The family had flown back in the summer of 2006 to visit Telendibaeva's family. It was her father who, in 1998, first raised the idea of an arranged marriage for Kamila with Celil, working in Kyrgyzstan as a cloth merchant and an Imam.

They had decided to get circumcisions for their young children in Tashkent, because the procedure is costly for non-infants in Canada. After the operation the children fell ill; not wanting to fly, the concerned parents applied for visa extensions.

They left their passports with Uzbekistan's security services, which Telendibaeva still calls the KGB. Celil and Telendibaeva's brother and father went to pick them up. "My husband," she says softly, "he went....." She trails off.

No one returned. Kamila, who was three-months pregnant, was frantic, but calls to their cellphones – which had by then been switched off – were not returned. At dusk, only two men came back. Celil had been arrested. "I searched everywhere," she says. "Even just to see him, to meet him."

Eventually, the family found his location and began bribing Uzbek prison guards to pass fresh clothes and food to Celil. "On June 22, they said they could not give him the food," she whispers.

He was gone.

Huseyin Celil, a husband and a father and a citizen of Canada, had been extradited to face trial in China, where Uighur activism is often conflated with separatist terrorism.

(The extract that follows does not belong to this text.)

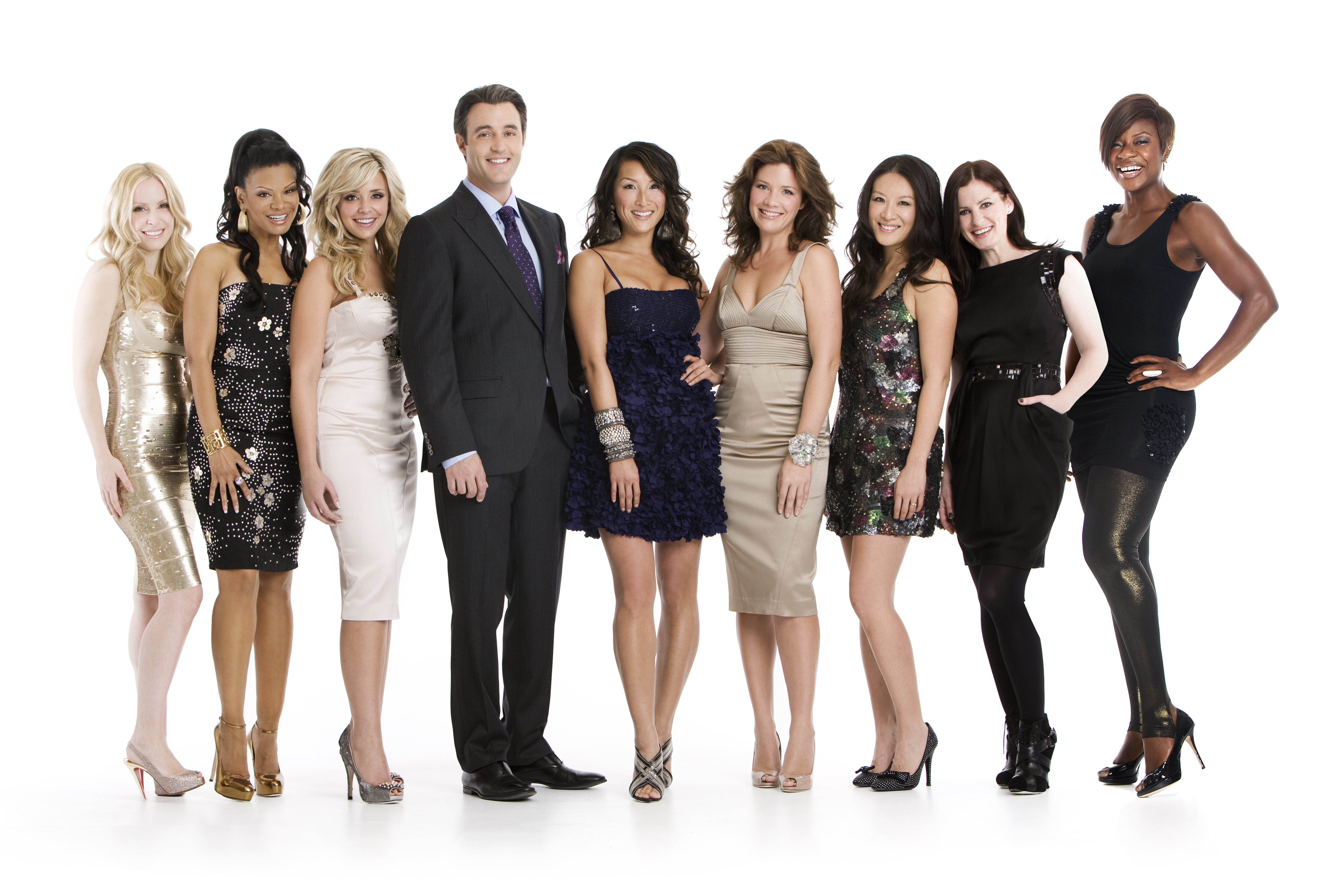 etalk (formerly eTalk Daily) is a Canadian entertainment news show hosted by Ben Mulroney and Tanya Kim.

Before Uzbek authorities shipped Celil to China, the Canadian embassy in Moscow dispatched special representatives there. Uzbekistan did not listen; indeed, they had no reason to: in 2001, autocratic Uzbekistan joined the Shanghai Cooperation Organization, a multilateral body composed of Russia, China and four post-Soviet `Stans, whose stated goal is to obliterate "terrorism, separatism and extremism" in member states.

Tashkent, where Celil was arrested, houses the organization's Regional Anti-Terrorist headquarters. It was unlikely Canada was ever going to negotiate the release of a suspected Uighur separatist in Uzbekistan, a close ally of China, which was where they would have to pursue the case.

But from the beginning, experts in Canada-China relations say, the case was bungled by Canada's Beijing embassy and taken up by ideological federal politicians in Canada, whose public statements may have crippled diplomats' efforts.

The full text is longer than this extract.